Today's teacher librarians would have many more options for helping learner explore Iowa history. Although the old tape players are gone, audio is still a great option. For example, the Harvesting the River website contains images, video, and even audio related to the button business in Iowa. We might listen to the folk music of the people who settled Iowa, hear to the call of the state bird, the Goldfinch, and enjoy an audiobook by an Iowa author.

Accessing Online Collections

The walls of libraries have become transparent as librarians explore ways to bring remote collections to library users. From music to famous speeches, the Internet brings the world of audio into the library.

The term "digital audio" means that sounds are represented in the form of numbers that an electronic device can read. Digital audio can be shared through media such as CDs and DVDs, but it can also be shared over networks such as the Internet. Many formats are used to store the files including MP3.

In addition to the audio you hear through traditional broadcasts such as radios, there are two other ways to access remote digital audio collections. They can be downloaded or streamed. In some cases the end user can choose which method they prefer. In others, only one option is available.

Downloaded audio is copied from a remote web server onto a computer hard drive, MP3 player, CD, DVD, or other storage device such as a smartphone or tablet. Although many types of files can be downloaded including .au, .wav., and .midi, the MP3 format is by far the most popular for music files. High quality and small file size are two of the reasons.

Streamed audio is also downloaded from a remote web server, but the files are only temporarily stored while they are being played.

guardiansStreaming audio is a method of delivering an audio signal to your computer over the Internet. Streaming differs from downloading Internet audio in one important way. Instead of having to download a file completely before being able to listen to it, listeners begin hearing the sound as the first portion arrives on the device.

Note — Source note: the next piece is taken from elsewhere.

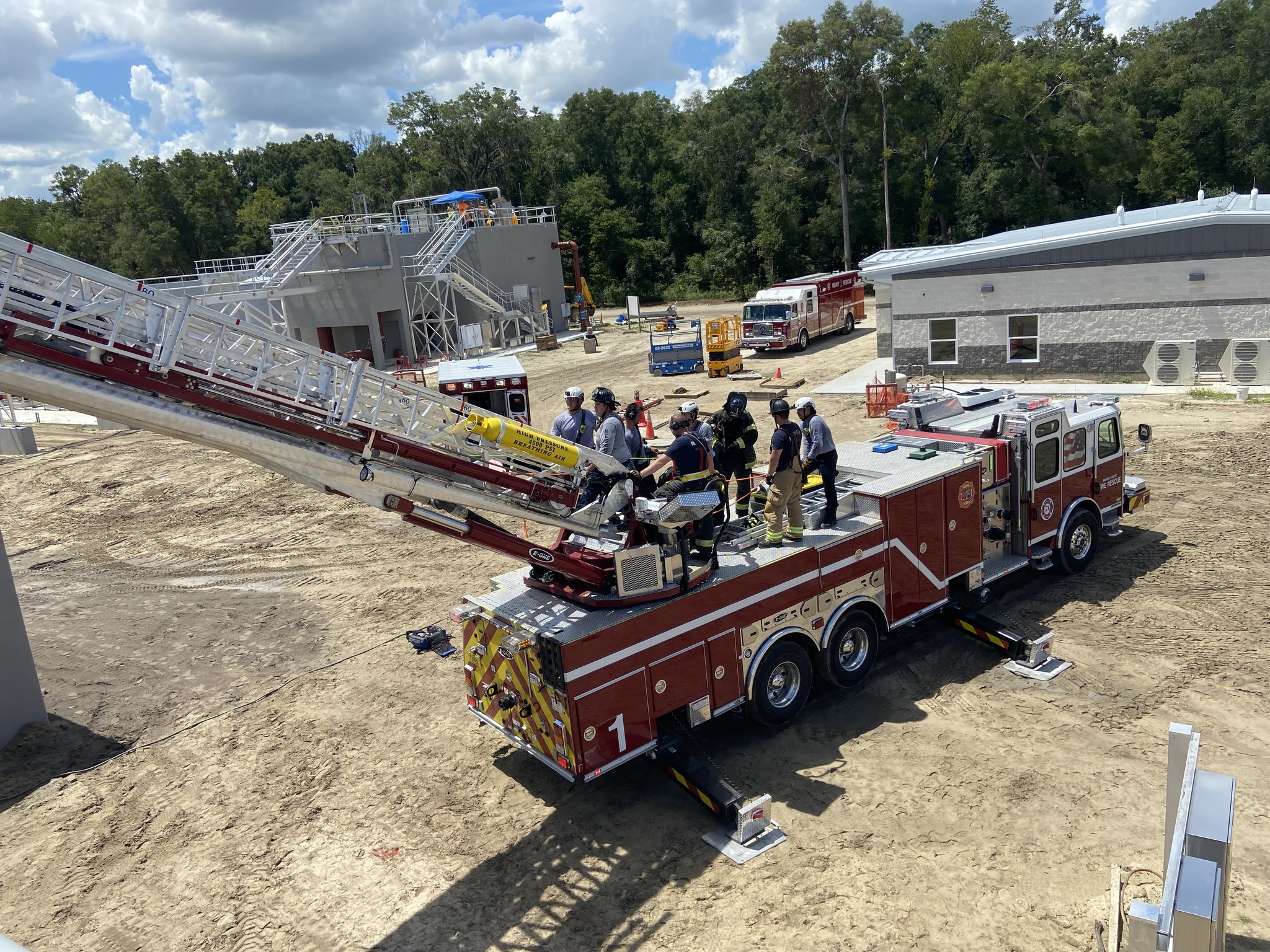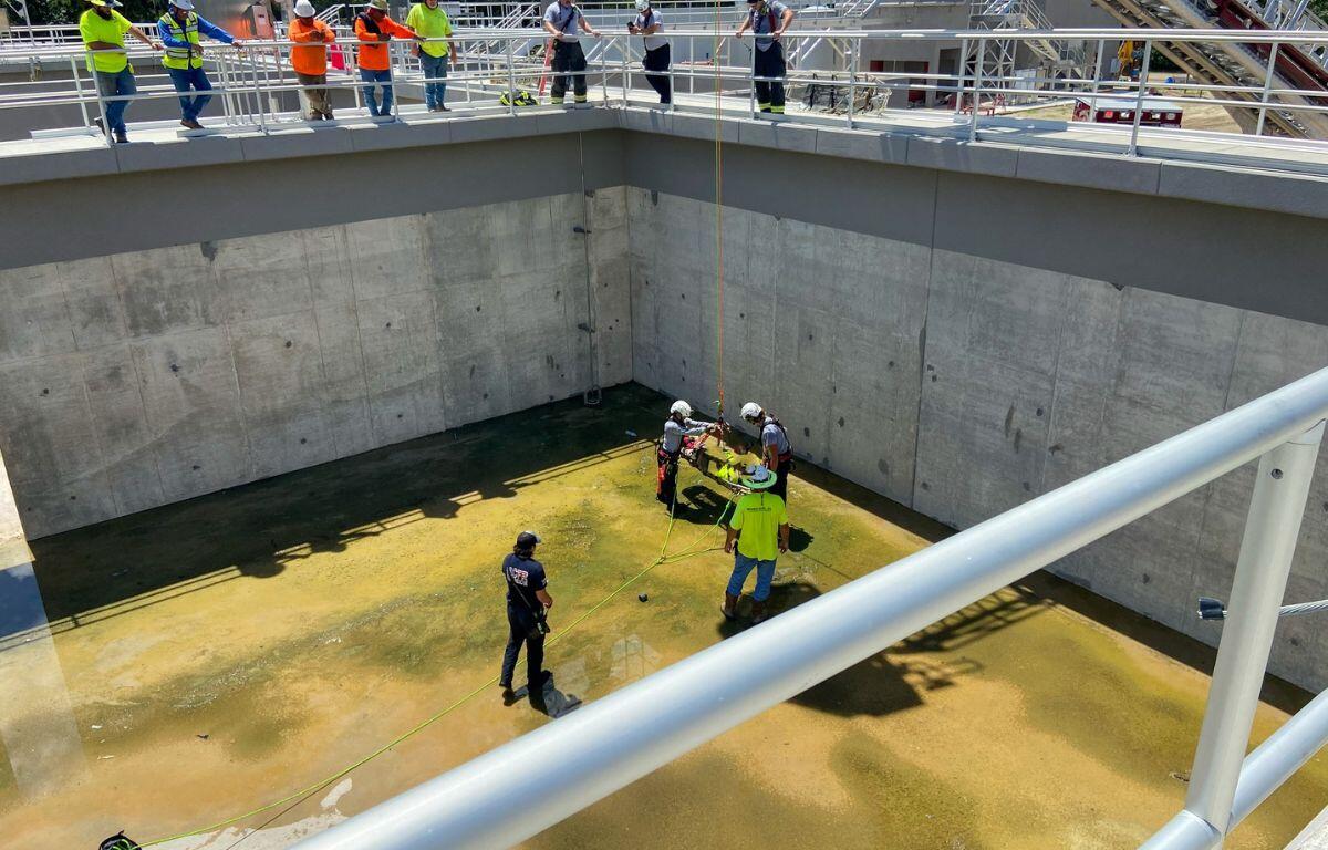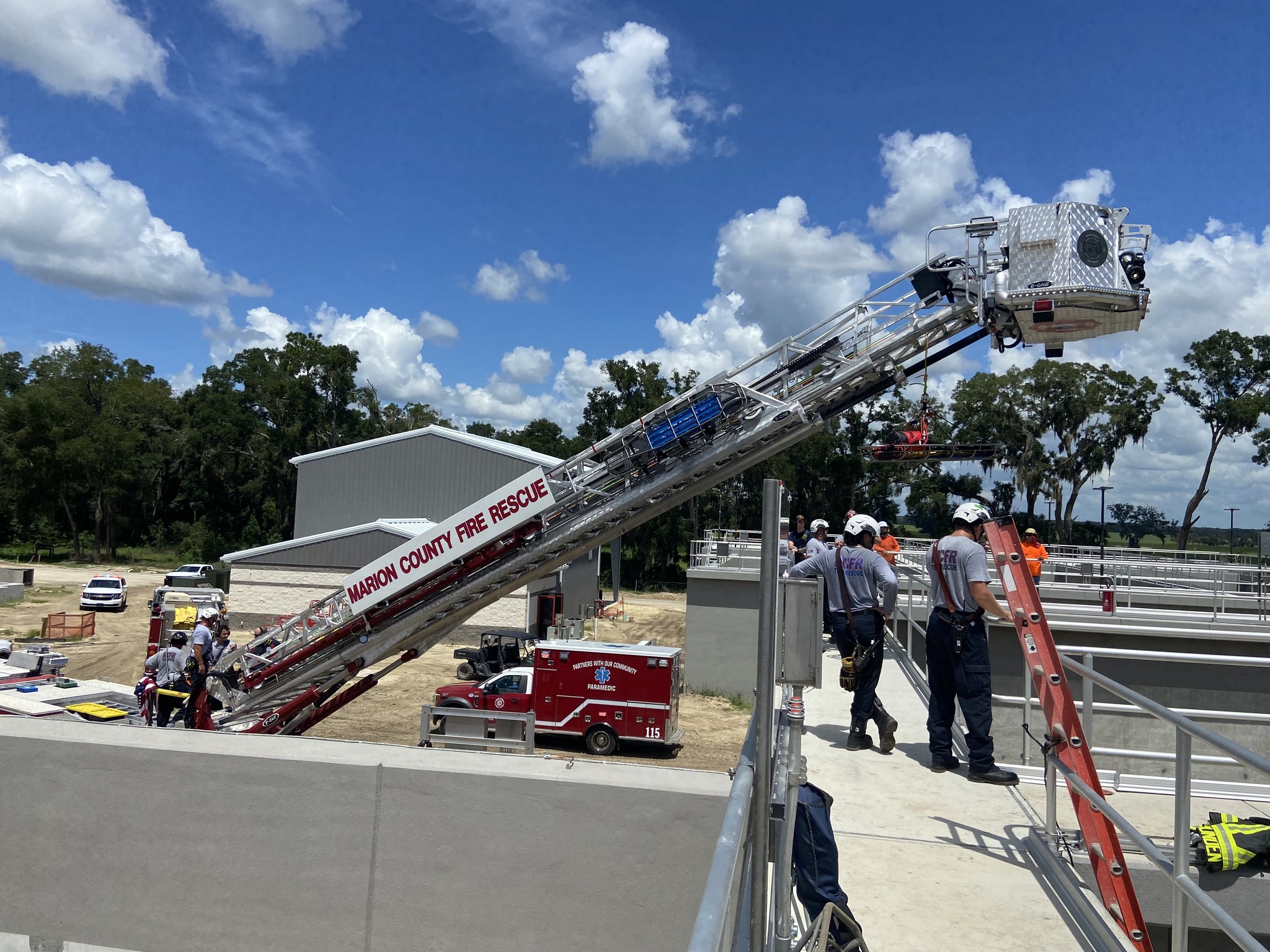 MARION COUNTY, FL (352today.com) – Units with the Marion County Fire Rescue (MCFR) team helped an ailing construction worker who fell into an empty wastewater tank.

As the audio data arrives it is buffered for a few seconds and then playback begins. As the audio is playing, more data is constantly arriving (or streaming). As long as listeners continue receiving a constant stream of audio data, they should hear uninterrupted audio. Think of the buffer as a "open funnel" that is continually being topped off with more data. As long as there is data flow into the funnel, it will continue to pour out of the tube - - and be played through the device. In other words, as long as there is data in the buffer you will continue to hear sound. Unfortunately the buffer "funnel" can empty due to congestion on the Internet which interrupts the receiving of data. But if you have a strong internet connection, streaming audio is generally not a problem.

Also with streaming there are no audio files left behind on your device such as computer of smartphone. The audio data is only there temporarily and then is discarded; whereas a downloaded audio file can be copied, stored, and played over and over again.